Qu’il soit maousse (Indigènes) ou riquiqui, le cinéma français voit dans la Deuxième Guerre mondiale le fantasme de recoller au divertissement populaire à l’ancienne. Pas d’exception pour Zone libre, film à thèse et chronique rurale par Christophe Malavoy, acteur chabrolien période eighties recyclé à la télévision. On suit la destinée d’une famille juive d’Europe de l’est, planquée en pleine cambrousse par un paysan au grand coeur. Le scénario est guidé par les méandres habituels : conflits culturo-générationnels, angoisses quotidiennes d’une dénonciation ou d’une négligence fatale, prises de risque et tragédie qui pointe. Malavoy filme tout ça comme un épisode de Louis la brocante, mais avec une foi indéfectible en son sujet. Le syndrome Indigènes, à nouveau : il y a là davantage une volonté de se faire guide touristique que cinéaste, une application de conteur naturaliste, intention saine mais limitée.
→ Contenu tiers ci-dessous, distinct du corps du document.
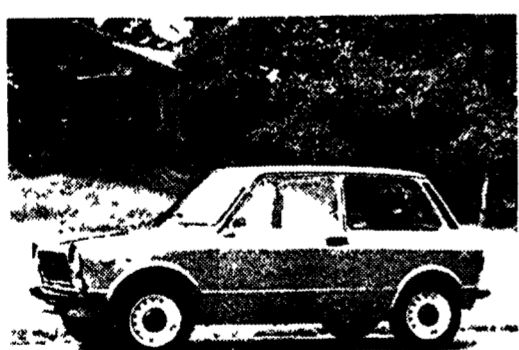
Così si presenta la versione semplificata della «A 112»

Con le modifiche meccaniche si è ottenuta una riduzione dei consumi - Semplificato anche l'allestimento interno

Parce que le film n’existe pas tant pour lui-même que pour ces Schindler campagnards à qui il rend hommage. Si Malavoy respecte non sans déférence la pièce de Jean-Claude Grumberg (Amen), il se contente de la couler dans une mécanique ronronnante de neutralité. Le théâtre reprend donc le dessus : on est toujours dans le discours ou la performance d’acteurs, la mise en scène, se tiennent à l’écart en un festivals de plans moyens. Le scénario a beau aérer la pièce, le film ne fait que changer de décors. D’une église désaffectée au Paris occupé, toujours la même chanson : la grande histoire est sans cesse préférée à la petite, le panel au portrait. Mais de scène proprement dite, rien ou presque, sinon un suspens mou du genou surgissant en guise de ponctuation : ici une fouille intempestive (trois plans), là une enquête, en tranches sur la disparition d’un enfant.

Non, décidément seul le théâtre porte le film. Aux acteurs d’abattre le boulot donc, mais ils se cognent rapidement aux limites du cahier des charges. Entre deux fuites, les Juifs se posent des questions (faut-il faire des enfants dans pareil contexte ? Oui, non, peut-être…), avant tout ils se définissent comme juifs via quelques séquences exotiques (les facéties de la grand-mère qui parle le yiddish). Plaisir gourmand ? Non, réalisme téléfilmique voilà tout. Les paysans sont pires, cantonnés à un phrasé Jeux interdits qui leur ôte toute appropriation possible. Roussillon fait ce qu’il peut en bon pécore jamais flippé par les boches, au moins a-t-il une présence. Celle de Mathilde Seigner, dans son numéro de bobonne brandi tel un programme politique, est plus déprimante.